## [What the task asks]
Print the lines of the data, starting with the first, up to and including the line where "Jeep近视套镜太阳镜翻盖高清偏光墨镜夹片开车防晒钓鱼眼镜R7079" appears.

## [Source material]
◆ ◆ ◆

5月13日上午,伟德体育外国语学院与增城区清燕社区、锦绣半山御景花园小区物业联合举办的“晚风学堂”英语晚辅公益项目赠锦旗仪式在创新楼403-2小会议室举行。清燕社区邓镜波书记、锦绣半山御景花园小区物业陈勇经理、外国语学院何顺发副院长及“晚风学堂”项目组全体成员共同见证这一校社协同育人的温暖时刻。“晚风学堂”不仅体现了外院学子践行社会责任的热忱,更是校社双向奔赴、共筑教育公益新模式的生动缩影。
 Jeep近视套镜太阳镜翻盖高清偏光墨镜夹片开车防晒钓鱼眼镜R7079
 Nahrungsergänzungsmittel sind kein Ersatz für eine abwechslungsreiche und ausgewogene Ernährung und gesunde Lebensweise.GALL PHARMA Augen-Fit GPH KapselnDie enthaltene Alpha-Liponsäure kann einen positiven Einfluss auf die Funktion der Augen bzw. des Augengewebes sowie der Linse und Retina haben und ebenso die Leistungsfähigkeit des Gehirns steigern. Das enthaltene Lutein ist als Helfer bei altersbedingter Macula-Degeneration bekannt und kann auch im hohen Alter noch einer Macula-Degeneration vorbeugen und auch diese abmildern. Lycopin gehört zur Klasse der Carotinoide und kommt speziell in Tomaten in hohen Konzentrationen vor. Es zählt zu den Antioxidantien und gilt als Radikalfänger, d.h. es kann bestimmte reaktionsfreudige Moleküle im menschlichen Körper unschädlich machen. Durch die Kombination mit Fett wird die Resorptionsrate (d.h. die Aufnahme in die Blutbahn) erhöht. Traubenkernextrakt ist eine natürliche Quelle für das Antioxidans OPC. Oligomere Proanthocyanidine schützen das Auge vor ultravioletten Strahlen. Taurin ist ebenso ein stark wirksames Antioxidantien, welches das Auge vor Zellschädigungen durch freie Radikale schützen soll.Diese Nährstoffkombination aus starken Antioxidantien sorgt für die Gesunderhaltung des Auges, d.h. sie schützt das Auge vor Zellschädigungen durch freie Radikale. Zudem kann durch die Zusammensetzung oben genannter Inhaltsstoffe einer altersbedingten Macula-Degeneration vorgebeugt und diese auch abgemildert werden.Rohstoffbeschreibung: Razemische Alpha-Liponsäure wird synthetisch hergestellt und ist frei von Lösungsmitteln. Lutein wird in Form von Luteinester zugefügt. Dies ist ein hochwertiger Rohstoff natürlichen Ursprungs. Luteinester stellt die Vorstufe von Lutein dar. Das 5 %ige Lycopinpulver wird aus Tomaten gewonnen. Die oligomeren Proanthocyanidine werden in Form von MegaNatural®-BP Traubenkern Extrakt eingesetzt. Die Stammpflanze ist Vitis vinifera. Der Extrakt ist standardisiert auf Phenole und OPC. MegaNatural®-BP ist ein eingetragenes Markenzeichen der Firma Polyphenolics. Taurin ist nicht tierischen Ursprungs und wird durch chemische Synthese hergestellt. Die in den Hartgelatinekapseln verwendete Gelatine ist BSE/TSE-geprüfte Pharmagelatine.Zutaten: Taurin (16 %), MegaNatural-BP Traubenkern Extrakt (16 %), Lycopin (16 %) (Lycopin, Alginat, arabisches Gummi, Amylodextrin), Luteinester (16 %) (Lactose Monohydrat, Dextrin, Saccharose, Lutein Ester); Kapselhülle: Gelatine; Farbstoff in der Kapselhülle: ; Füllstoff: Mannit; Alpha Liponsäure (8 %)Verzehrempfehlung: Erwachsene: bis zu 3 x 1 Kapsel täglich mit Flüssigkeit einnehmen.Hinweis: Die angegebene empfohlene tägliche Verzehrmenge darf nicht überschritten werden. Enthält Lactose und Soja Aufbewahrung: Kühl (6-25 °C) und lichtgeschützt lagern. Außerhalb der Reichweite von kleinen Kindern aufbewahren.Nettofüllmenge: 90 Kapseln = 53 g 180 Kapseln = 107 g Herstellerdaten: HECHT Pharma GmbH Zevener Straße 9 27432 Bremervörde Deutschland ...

◆ ◆ ◆

## [Output]
5月13日上午,伟德体育外国语学院与增城区清燕社区、锦绣半山御景花园小区物业联合举办的“晚风学堂”英语晚辅公益项目赠锦旗仪式在创新楼403-2小会议室举行。清燕社区邓镜波书记、锦绣半山御景花园小区物业陈勇经理、外国语学院何顺发副院长及“晚风学堂”项目组全体成员共同见证这一校社协同育人的温暖时刻。“晚风学堂”不仅体现了外院学子践行社会责任的热忱,更是校社双向奔赴、共筑教育公益新模式的生动缩影。
 Jeep近视套镜太阳镜翻盖高清偏光墨镜夹片开车防晒钓鱼眼镜R7079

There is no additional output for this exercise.